Exercise aim:
With the pictures left out, print exactly the lines below that run from the one containing "22年の世界選手権100メー" through the one containing "- Ponorná kalová".

Information provided:

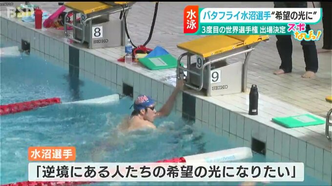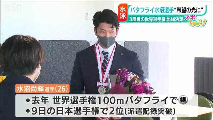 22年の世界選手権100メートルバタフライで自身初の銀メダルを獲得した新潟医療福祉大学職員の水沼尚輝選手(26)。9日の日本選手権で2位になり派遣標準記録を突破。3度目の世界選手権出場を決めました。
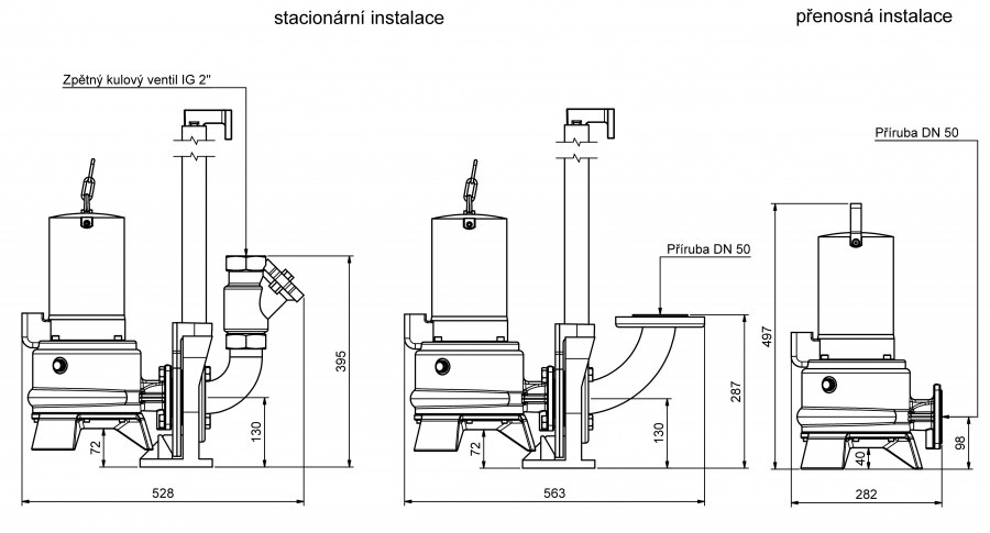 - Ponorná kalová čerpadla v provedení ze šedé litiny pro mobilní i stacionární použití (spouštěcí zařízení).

--

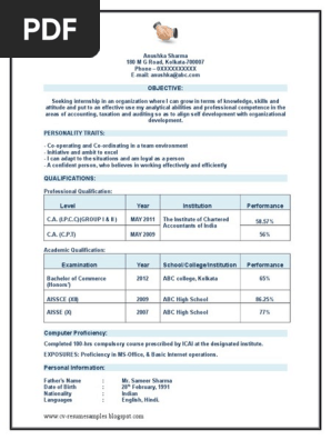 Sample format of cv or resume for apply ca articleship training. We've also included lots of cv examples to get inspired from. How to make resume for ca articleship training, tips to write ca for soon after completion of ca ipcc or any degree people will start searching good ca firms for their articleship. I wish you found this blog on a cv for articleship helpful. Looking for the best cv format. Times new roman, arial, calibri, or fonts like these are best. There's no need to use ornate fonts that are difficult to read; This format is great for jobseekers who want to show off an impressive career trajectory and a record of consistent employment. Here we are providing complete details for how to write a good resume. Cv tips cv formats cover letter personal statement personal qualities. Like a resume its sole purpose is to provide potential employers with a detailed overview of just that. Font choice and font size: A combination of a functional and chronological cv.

Task response:
 22年の世界選手権100メートルバタフライで自身初の銀メダルを獲得した新潟医療福祉大学職員の水沼尚輝選手(26)。9日の日本選手権で2位になり派遣標準記録を突破。3度目の世界選手権出場を決めました。
 - Ponorná kalová čerpadla v provedení ze šedé litiny pro mobilní i stacionární použití (spouštěcí zařízení).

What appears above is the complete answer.